Pointing out that the jurisdiction of the court to review the detention of a child under the 1908 Act no longer exists, the judge continued:
“If, in accordance with the Finn analysis, a sentence has indeed been imposed and the person concerned is serving it, from where could the sentencing judge derive a power to order their release? That is the point at which the Article 13.6 issue arises — such an order would amount to the exercise of a power to remit or commute that has not been conferred on the courts.”
On that basis, the court was satisfied that the trial judge did not have a power to order a review date.
Turning to the issue of whether suspended sentences could be lawfully in relation to detention, Ms Justice O’Malley confirmed, having regard to inter alia the “general powers” of the sentencing court and the express powers of the Court of Appeal pursuant to s.3 of the Criminal Procedure Act 1993 (as amended) to deal with persons who have “aged out” during the court process, that there was nothing to prevent the sentencing court from suspending part of the period composed of imprisonment in accordance with s.99 of the Criminal Justice Act 2006.
As to the propriety of imposing a life sentence on a child, the court considered that having regard to the protected status of children, “a life sentence should be imposed on a child only in exceptional cases where the evidence shows that the child’s intentions and actions can fairly be equated with those of an adult”.

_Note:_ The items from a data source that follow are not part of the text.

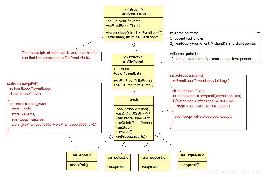 可以把ae.h/ae.c看成是抽象基类,而ae_epoll.c、ae_select.c、ae_evport.c、ae_kqueue.c看成是ea的具体实现,以面向对象来看,大致如下图所示:
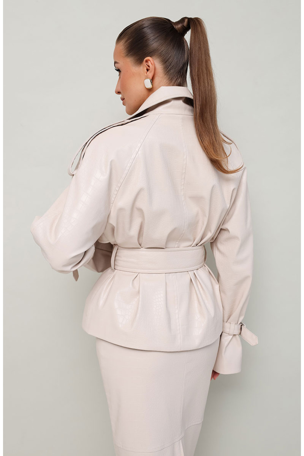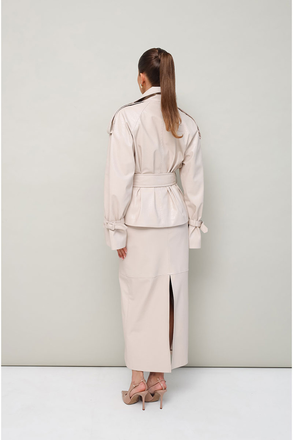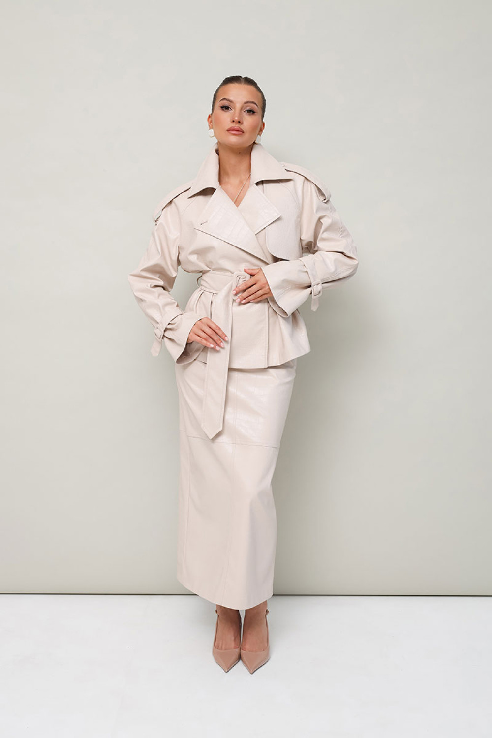 Стильный 2-предметный комплект, состоящий из жакета и юбки, выполненный из экокожи.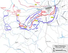 Ulysses S. Grant havia decidido, no entanto, que havia uma maneira mais eficiente de chegar a Richmond e Robert E. Lee. A alguns quilômetros ao sul, a cidade de Petersburg continha ligações ferroviárias cruciais que abasteciam a capital. Se o Exército da União pudesse aproveitá-lo, Richmond seria tomada. No entanto, Benjamin Butler não conseguiu capturá-lo mais cedo e, em seguida, os avanços indecisos dos subordinados de Grant também falharam em romper as linhas ferroviárias sob os homens de P. G. T. Beauregard, permitindo que o exército de Lee chegasse e erguesse as defesas. Ambos os lados se prepararam para um cerco.[64]

Ms Justice O’Malley explained that evidence of premeditation, planned efforts to conceal guilt, intention luring or exploitation of the victim, or an intention to inflict sexual violence or brutal physical violence could demonstrate such “adult levels” of planning and foresight as to consequences, to be contrasted with evidence demonstrating that death was caused by “an impulsive, angry lashing out by a child”.
The judge pointed out that while offenders subject to a life sentence have potential recourse after 12 years to the processes of the Parole Act 2019, the threshold was the same for those who committed an offence in childhood as for adult offenders and so sufficient recognition was not given to the status of childhood and to the principles in respect of sentencing children.
In this regard, the Supreme Court emphasised that this aspect “should be the subject of urgent reconsideration by the legislature”.
The court expressed difficulty with the correctness of suspend a life sentence either in whole or in part where this did not appear to be contemplated by s.99 of the 2006 Act which requires consecutive sentences to be imposed where a person reoffends while subject to a suspended sentence.
Ms Justice O’Malley concluded that other than in exceptional cases which merit a life sentence, the most appropriate form of sentence for a child convicted of murder is a determinate one with a part-suspended element, with the “length of the custodial element should be tailored to reflect the age of the child at the time of the offence”.
Conclusion
Accordingly, the Supreme Court indicated that it would allow the appellant’s appeal against his sentence and indicated that remittal to the Court of Appeal would be appropriate, inviting the parties to make submissions as to the appropriate final orders.
The court also allowed the element of the appellant’s appeal relating to his anonymity under s.93 of the 2001 Act having regard to its conclusions in a case heard at the same time as his appeal, People (DPP) v. P.B. [2025] IESC 12, finding that the appellant was entitled to retain his anonymity despite having “aged out” during the criminal process and that his identity could not be publicly reported.